Vitória lusa em território polaco faz com que a qualificação para a fase a eliminar da Liga das Nações (UEFA Nations League) seja uma realidade com o acréscimo de que a qualificação para o próximo Europeu está, também ela, quase que garantida. Este é um dos aspectos positivos que retiro da partida que se realizou em solo polaco (mais concretamente no Stadion Slaski).

 

Para mais tenho de deixar aqui bem claro que gostei mesmo muito da reacção da nossa equipa quando se encontrou em desvantagem no marcador. Liderada por um fantástico Bernardo Silva (que enorme jogador!) na faixa direita, a nossa selecção foi para cima da equipa da casa e impôs o seu futebol. A ajudar ao caso esteve um cada vez mais “matador” André Silva (os “ares” de Espanha estão-lhe a fazer bem) e a Deusa da Fortuna que protegeu os nossos audazes rapazes aquando da marcação do segundo golo luso.

 

O problema esteve – lamentavelmente, digo eu – quando Portugal estava a vencer por 3 a 1 e Fernando Santos resolveu apostar no flop mais mediático de sempre da história do nosso futebol. Diante de uma equipa que por opção e forma natural de estar (digo eu) aposta num meio campo bem povoado e nas transições rápidas, colocar em campo um jogador que não sabe o que é vir atrás recuperar uma bola é o mesmo que dar o flanco ao adversário numa batalha decisiva. Renato Sanches é um jogador sobrevalorizado que tem como principal vantagem o facto de ser Senhor de um físico e técnica que lhe permite arrancar em força com a bola nos pés… O problema é que do “outro lado da barricada” estava uma equipa que em termos de físico e técnica não fica atrás do Renato… Daí que este tenha acabado por ser um “estorvo” e uma menos valia de um meio campo português que pretendia, naturalmente, controlar o meio campo dado que a vantagem de dois golos a isto lhe permitia. Felizmente Fernando Santos não é nenhum tolo nestas coisas do futebol e com a entrada de Danilo Pereira em campo este “emendou a mão” dado que Portugal conseguiu controlar o meio campo e colocar um ponto final nas perigosíssimas transições rápidas da equipa polaca.

 

Mas atenção.
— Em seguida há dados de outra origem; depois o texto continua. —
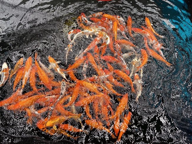 Thế nhưng, lứa cá đầu tiên lớn nhanh như thổi, chỉ sau vài tháng, khi đàn cá Koi được khoảng 0,8-1kg/con thì được khách đến đặt mua hết với giá 150.000 đồng/kg. Trừ chi phí, lứa cá đầu tiên anh thu về được 350 triệu đồng.

A aposta fora de tempo em Renato Sanches não justifica, de forma alguma, o tremendo erro da defesa portuguesa no segundo golo polaco… Está bem que muitos dos que jogaram hoje são atletas jovens que ainda tem muito para aprender, mas fossem outras as circunstâncias e lá se ia a margem de erro porque “são jovens”.

 

Em suma; missão cumprida, mas era escusado ter-se passado por aquela recta final da partida. Que sirva de lição para o que aí vem.

 

MVP (Most Valuable Player): Bernardo Silva. Nunca me canso de ver este atleta a jogar. Classe, técnica, remate fantástico, físico invejável e uma calma olímpica em qualquer situação de jogo. Este foi o Bernardo que tive o prazer de ver a jogar na Polónia com a camisola da nossa selecção, Marcou um “golaço” e fez a assistência que permitiu a André Silva empatar o jogo. Decididamente o MVP deste jogo sem sombra de qualquer dúvida.

 

Chave do Jogo: A entrada de Danilo Pereira. A entrada do internacional português fez com que a equipa de Todos Nós voltasse a tomar o pulso a uma partida cujo controle tinha perdido, acabando, desta forma, com a “fúria” de uma equipa polaca que acreditava piamente num empate a três golos.

 

Arbitragem:  Del Cerro Grande começou muito bem, deixando jogar, sem muitas paragens, mas acaba por deixar muitas dúvidas num lance que poderia ter saído muito caro a Portugal. Por altura do segundo golo da Polónia, fica a ideia de que o lance é antecedido de uma bola fora. A equipa de arbitragem assim não entendeu e deixou seguir até ao golo.

 

Positivo: André Silva. E havia quem há uns tempos apontasse o seu injusto dedo acusador ao “matador” de Portugal. O jovem ponta de lança português continua a “dar cartas” em campo e a calar muita gente.

 

Negativo: Fernando Santos. A “tara” de Fernando Santos pelo Renato Flop Sanches ia custando uma vitória portuguesa em solo polaco. Nunca vou perceber a adoração do Mister por um atleta que só tem trancinhas para exibir.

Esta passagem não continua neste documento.